> Task prompt:
After locating the line with "Для анализа различий" in the entries below, output it and each following line up to and including the line with "이정재 감독, 배우 전혜진(왼쪽부터)이", exactly and without pictures.

> Data shown:
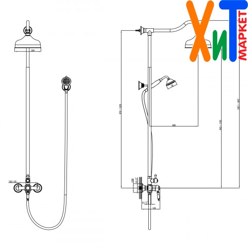 - 2-позиционный картриджный переключатель (угол поворота - 120⁰) Аксессуары в комплекте (верхняя душевая лейка «Тропический дождь» Ø204 мм, 1-функциональная лейка Ø78х215 мм, настенное поворотное крепление для лейки, душевой шланг 1,5 м)
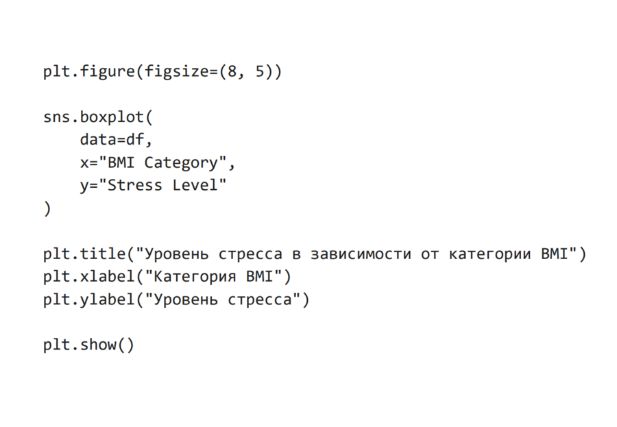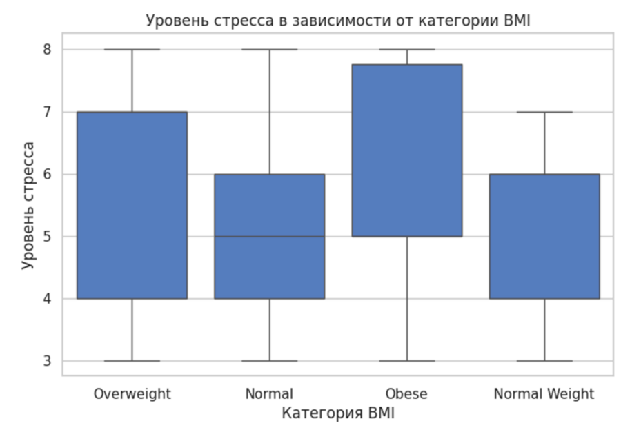 Для анализа различий уровня стресса между категориями BMI была использована ящиковая диаграмма (boxplot), так как она позволяет сравнить распределения числовой переменной между несколькими категориальными группами, а также выявить медианные значения и выбросы. Из графика видно, что уровень стресса различается между категориями BMI. Наиболее высокие медианные значения стресса наблюдаются у респондентов с избыточным весом и ожирением, в то время как у людей с нормальным BMI уровень стресса в среднем ниже.
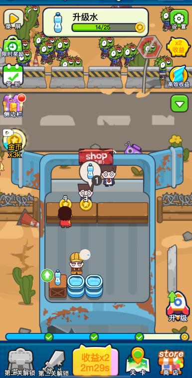 1、根据战场情况制定战术,抵御各种僵尸,展开精彩闯关。
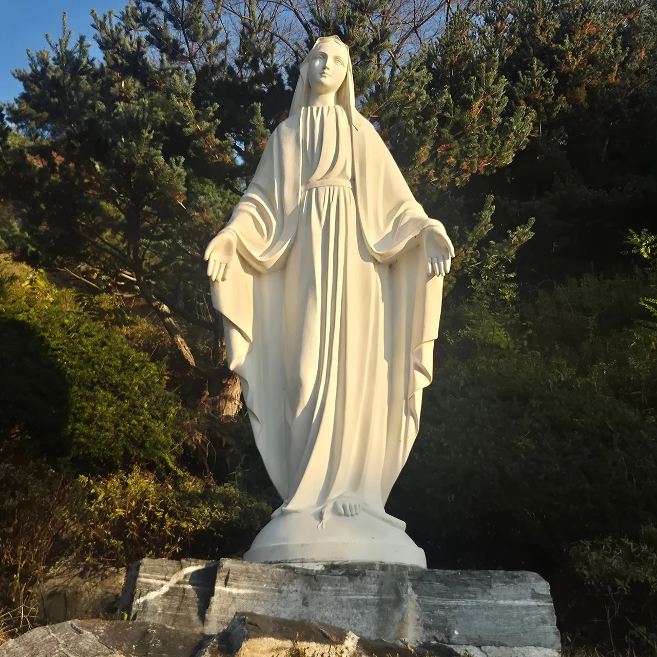 네가 호기심에 기도를 올렸을 천주교 성당 마리아 앞에 서 보기도 했다
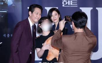 이정재 감독, 배우 전혜진(왼쪽부터)이 2일 오후 서울 강남구 메가박스 코엑스점에서 열린 영화 '헌트(HUNT)' 쇼케이스 및 VIP 시사회에 참석해 팬과 함께 포토타임을 갖고 있다.'헌트'는 조직 내 숨어든 스파이를 색출하기 위해 서로를 의심하는 안기부 요원 '박평호'(이정재)와 '김정도'(정우성)가 '대한민국 1호 암살 작전'이라는 거대한 사건과 직면하며 펼쳐지는 첩보 액션 드라마다. 오는10일 개봉.서병수 기자 qudtn@edaily.co.kr / 2022.08.02. 2022.08.02 21:26
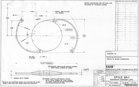 Ridley had been inspired by the tolerance of British fighter pilots' eyes to plastic fragments, which had lodged in them after their canopies, made of polymethylmethacrylate (PMMA; Perspex), had shattered. He worked with the Rayner Company and Imperial Chemical Industries, both in Great Britain, to develop Perspex CQ, a more purified “clinical-quality” PMMA. He used the human lens as his model and selected similar radii of curvature to create a biconvex disc while using approximately half the thickness and weight (∼5 mm thick and 230 mg for the human lens). One of his original lenses made by Rayner, a 23.00 diopter (D), was measured at 8.5 mm in diameter and 2.4 mm thick, with a weight of 108 g. Modern analysis has demonstrated that this IOL passes modern optical bench examinations10 (Fig. 2).
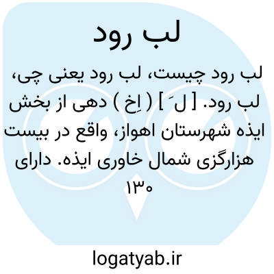 لب رود. [ ل َ ] ( اِخ ) دهی از بخش ایذه شهرستان اهواز، واقع در بیست هزارگزی شمال خاوری ایذه. دارای 130 تن سکنه شیعه لری و بختیاری. محصول آن غلات و شغل اهالی زراعت و گله داری و راه آن مالرو است. ( فرهنگ جغرافیائی ایران ج 6 ).

> Result for this task:
 Для анализа различий уровня стресса между категориями BMI была использована ящиковая диаграмма (boxplot), так как она позволяет сравнить распределения числовой переменной между несколькими категориальными группами, а также выявить медианные значения и выбросы. Из графика видно, что уровень стресса различается между категориями BMI. Наиболее высокие медианные значения стресса наблюдаются у респондентов с избыточным весом и ожирением, в то время как у людей с нормальным BMI уровень стресса в среднем ниже.
 1、根据战场情况制定战术,抵御各种僵尸,展开精彩闯关。
 네가 호기심에 기도를 올렸을 천주교 성당 마리아 앞에 서 보기도 했다
 이정재 감독, 배우 전혜진(왼쪽부터)이 2일 오후 서울 강남구 메가박스 코엑스점에서 열린 영화 '헌트(HUNT)' 쇼케이스 및 VIP 시사회에 참석해 팬과 함께 포토타임을 갖고 있다.'헌트'는 조직 내 숨어든 스파이를 색출하기 위해 서로를 의심하는 안기부 요원 '박평호'(이정재)와 '김정도'(정우성)가 '대한민국 1호 암살 작전'이라는 거대한 사건과 직면하며 펼쳐지는 첩보 액션 드라마다. 오는10일 개봉.서병수 기자 qudtn@edaily.co.kr / 2022.08.02. 2022.08.02 21:26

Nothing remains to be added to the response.